4. 修改hadoop-env.sh配置文件

[hadoop@hdp-01 hadoop]$echo $JAVA_HOME

/usr/local/jdk1.7.0_45

[hadoop@hdp-01 hadoop]$vi hadoop-env.sh

# Licensed to the Apache Software Foundation (ASF) under one

# or more contributor license agreements. See the NOTICE file

# distributed with this work for additional information

# regarding copyright ownership.
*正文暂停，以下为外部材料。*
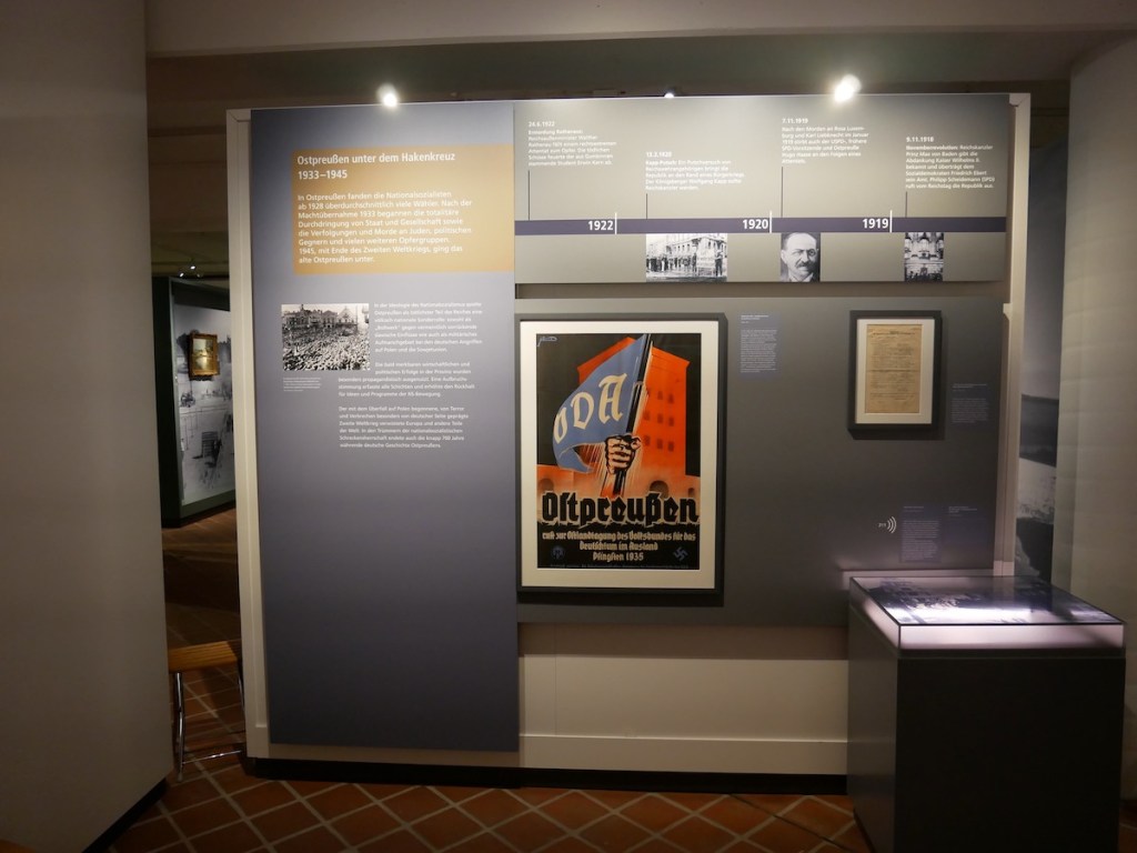 Dennoch – und auch das macht die Ausstellung deutlich – darf die Geschichte der Eroberung Ostpreußens und der Vertreibung der deutschen Bevölkerung nicht als reine Opfergeschichte verstanden werden. Die Zeit des Nationalsozialismus wird ebenso intensiv behandelt und die deutschen Verbrechen werden vorbehaltlos abgebildet. Hier kommen beispielsweise auch verfolgte jüdische Ostpreußen und ostpreußische Sinti als Zeitzeugen zu Wort.

The ASF licenses this file

# to you under the Apache License, Version 2.0 (the

# "License"); you may not use this file except in compliance

# with the License. You may obtain a copy of the License at

#

# http://www.apache.org/licenses/LICENSE-2.0
#

# Unless required by applicable law or agreed to in writing, software

# distributed under the License is distributed on an "AS IS" BASIS,

# WITHOUT WARRANTIES OR CONDITIONS OF ANY KIND, either express or implied.

# See the License for the specific language governing permissions and

# limitations under the License.

# Set Hadoop-specific environment variables here.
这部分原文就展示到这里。